The data collected can also be used to increase the reliability of the rangelands component of the Soil and Landscape Grid of Australia, produced by the TERN facility consistent with the Global Soil Map specifications. Analyses of the collected samples will greatly enhance the level of knowledge (e.g. nutrient and carbon levels) and hence understanding of rangelands soils and how they will respond to climate change and management options. The nine soil observations can be analysed by a number of different methods e.g. wet chemistry, MIR or NIR (mid infrared spectrometry or near infrared spectroscopy) either individually to provide a measure of variation of the parameter being measured across a plot or bulked together and a sub-sample extracted and analysed to provide a mean value for that parameter across a plot. For AusPlots, keep the samples separate.

Knowledge of bulk density values of rangelands soils and likely variability across the plot is largely unknown. This needs to be considered in deciding number and location of samples across the plots. 

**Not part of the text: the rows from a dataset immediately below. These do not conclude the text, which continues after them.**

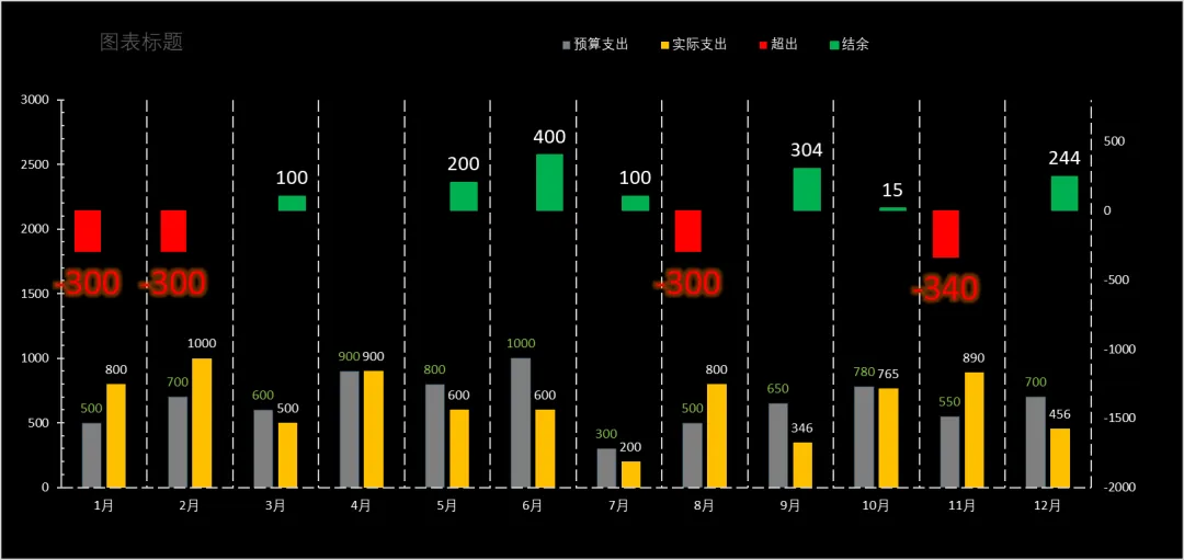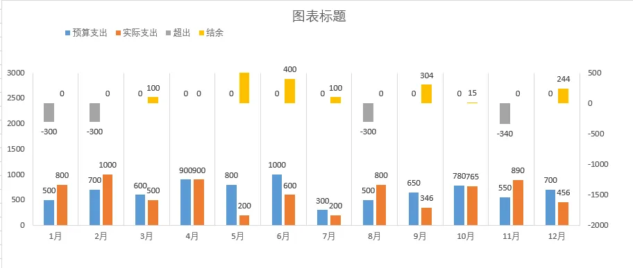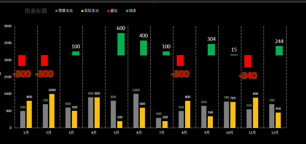 别急——今天我要带你用一张图,搞定全年12个月的预算与支出对比!
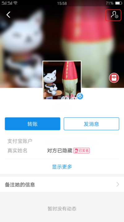 取消支付宝黑名单需要在手机打开支付宝进入后,找到“朋友”一项,点击进入。进入后,点击页面顶部红框内的人像符号。进入后找到要从黑名单内移除的联系人,点击进入。进入后找到右上角的人像符号,点击进入。找到“加入黑名单”一项,将这一栏的开关关闭即可将该联系人从黑名单里移除了。
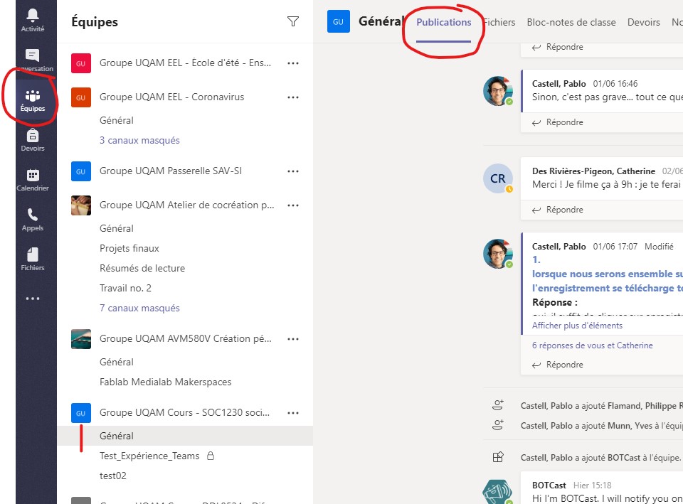 Pour créer un message pour votre classe entière, vous devez cliquer sur le bouton Équipes, puis sélectionner une équipe et un canal. Ensuite, sélectionnez l’onglet Publications.
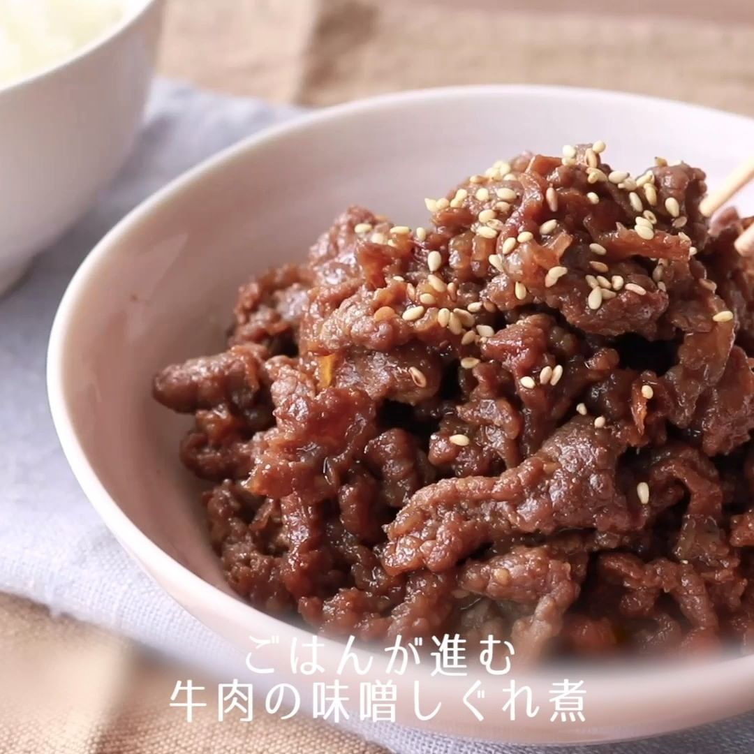 ①ごはんが進む 牛肉の味噌しぐれ煮

Soil samples down the profile.


An indicative measure of the bulk density of the soil is necessary to quantify important soil parameters, particularly carbon content. Soil bulk density values are needed to calculate soil properties per unit area e.g. tonnes of carbon per hectare. From a preliminary investigation, it is acknowledged that to ensure the measure is reliable, multiple samples will need to be taken across each plot in different surface substrate classes and at different distances from trees or shrubs. To achieve this is beyond the scope of the initial survey process, so the intention is to obtain an indicative value only for each plot.

Soil bulk density (g/cm3) = mass of oven dried soil (g) / total volume of core (cm3)

The core method is recommended for taking bulk density measures. This involves inserting a metal cylinder (bulk density ring) of known volume into the soil at three depth increments: 0-10 cm; 10-20 cm; and 20-30 cm and removing a soil core from each. These samples are sealed and then taken back to the lab where they are oven dried and weighed.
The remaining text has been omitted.